First off "the only stupid question is the question never asked" remember that. as far as mark ups 10-15% for materials and subs 20-25%. In the long run after all the numbers are in, you'll see that the customer will see that your not ripping them offby over bidding and The number will ( for you) be justifyed ( no guilt) Good luck. :thumbsup:


----------



## Larry D. (Feb 18, 2009)

First off "the only stupid question is the question never asked" remember that. as far as mark ups 10-15% for materials and subs 20-25%. In the long run after all the numbers are in, you'll see that the customer will see that your not ripping them offby over bidding and The number will ( for you) be justifyed ( no guilt) Good luck. :thumbsup:


----------



## Winchester (Jun 29, 2008)

If you don't mark it up what's the point in you going through all the effort of finding a sub, scheduling the sub, and paying the sub out of your own pocket? If you don't mark it up you're donating your time and money.

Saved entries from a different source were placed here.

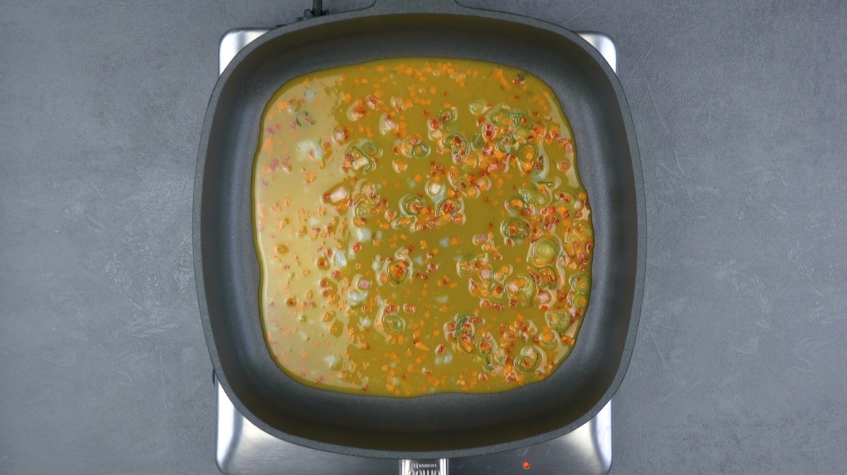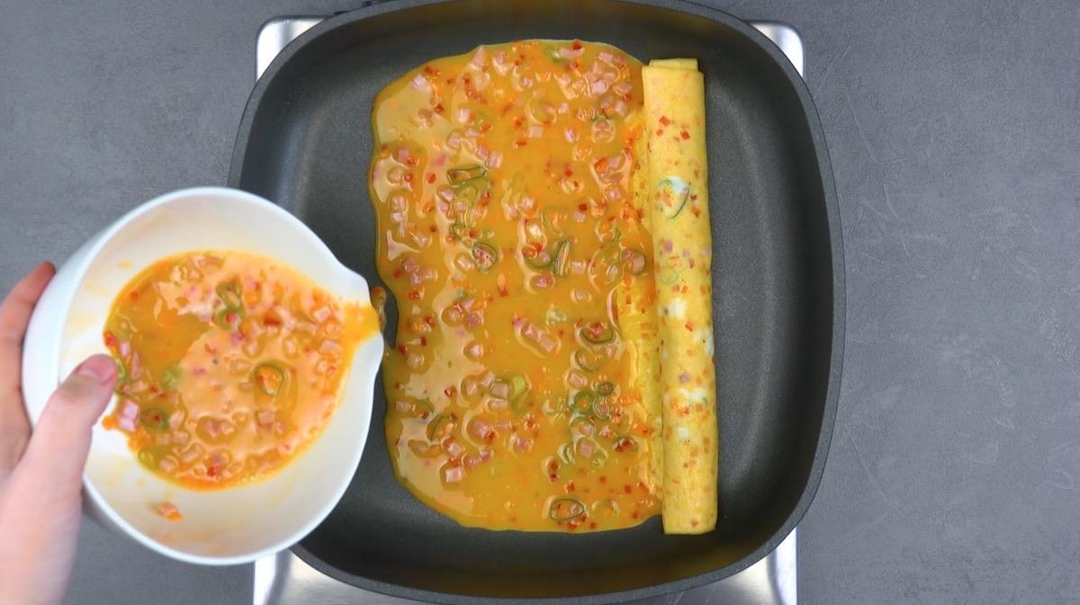 4.1 Battez les œufs, mélangez-les avec le jambon blanc, l’oignon nouveau, la carotte et le piment et assaisonnez avec du poivre et du sel. Graissez légèrement une poêle et préchauffez-la à feu moyen. Versez une couche très fine du mélange d’œufs dans la poêle et attendez que l’œuf ait cuit.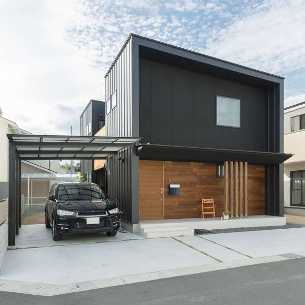 白っぽいライトカラー系の住宅が多い街並みの中で、ダークカラーの外観が際立つお住まい。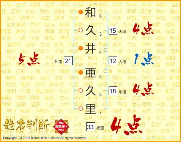 和(8画)久(3画)井(4画) 亜(8画)久(3画)里(7画)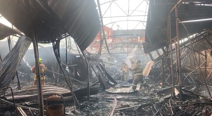 Почти три часа понадобилось пожарным, чтобы полностью справиться с огнём в торговом комплексе между центральным рынком и автостанцией. Были эвакуированы 30 человек. Пострадавших нет. Полностью сгорели больше четырёх десятков павильонов. По предварительным данным причиной пожара могло стать короткое замыкание в одной из торговых точек.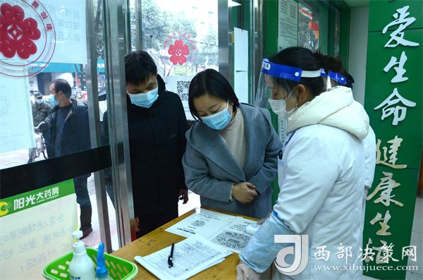 胡敏深入縣城艾斯大酒店、華盛超市、陽光大藥房等多家經(jīng)營單位,實地督查超市掃碼測溫、佩戴口罩、設(shè)置一米線等疫情防控措施落實情況,了解市場物資供應(yīng)、穩(wěn)定物價等情況;檢查酒店測溫登記、人員入住、消毒殺菌、供餐等情況;了解醫(yī)療防護用品價格和儲備、“四類藥品”管控等情況。

If they don't want to pay for your subs through you, let them be their own general and go find someone who needs one.


I don't know about you, but I run a business, not a charity.


----------



## J F (Dec 3, 2005)

Who is ultimately going to be responsible for the sub's work? Let's say the sub only finishes 50% of the work...who's the h/o going to be looking at?


----------



## Cdat (Apr 18, 2007)

Larry D. said:


> First off "the only stupid question is the question never asked" remember that.


No, you got it wrong:
There are no stupid questions, but there are a *LOT* of inquisitive idiots.:thumbsup:


----------



## OCRS (Apr 29, 2008)

Titodbuilder said:


> But if the sub has their cost of labor and material and markup and overhead before he gives you a price then you take it and do the same again with markup and overhead would that not jump the selling price for that aspect of the job to a very high level? If the client asks you to break up your quote then the section that is subbed out seems way off because if has a double dosage of overhead and markup. Am I not thinking straight?


It sounds like you might be more comfortable with a cost + arrangement. Look at it this way. The HO has asked you to arrange, oversee, and pay for all subs. What will you charge for this service?


----------



## Mellison (Aug 3, 2008)

Winchester said:


> If you don't mark it up what's the point in you going through all the effort of finding a sub, scheduling the sub, and paying the sub out of your own pocket? If you don't mark it up you're donating your time and money.
> 
> If they don't want to pay for your subs through you, let them be their own general and go find someone who needs one.
> 
> ...


Let's not forget cleaning up after them.......... I mean really cleaning up.


----------



## mics_54 (Oct 28, 2008)

cost plus 20%


----------



## Titodbuilder (Feb 6, 2009)

Thanks again fellaz!


----------



## Titodbuilder (Feb 6, 2009)

Thanks Fellaz!


----------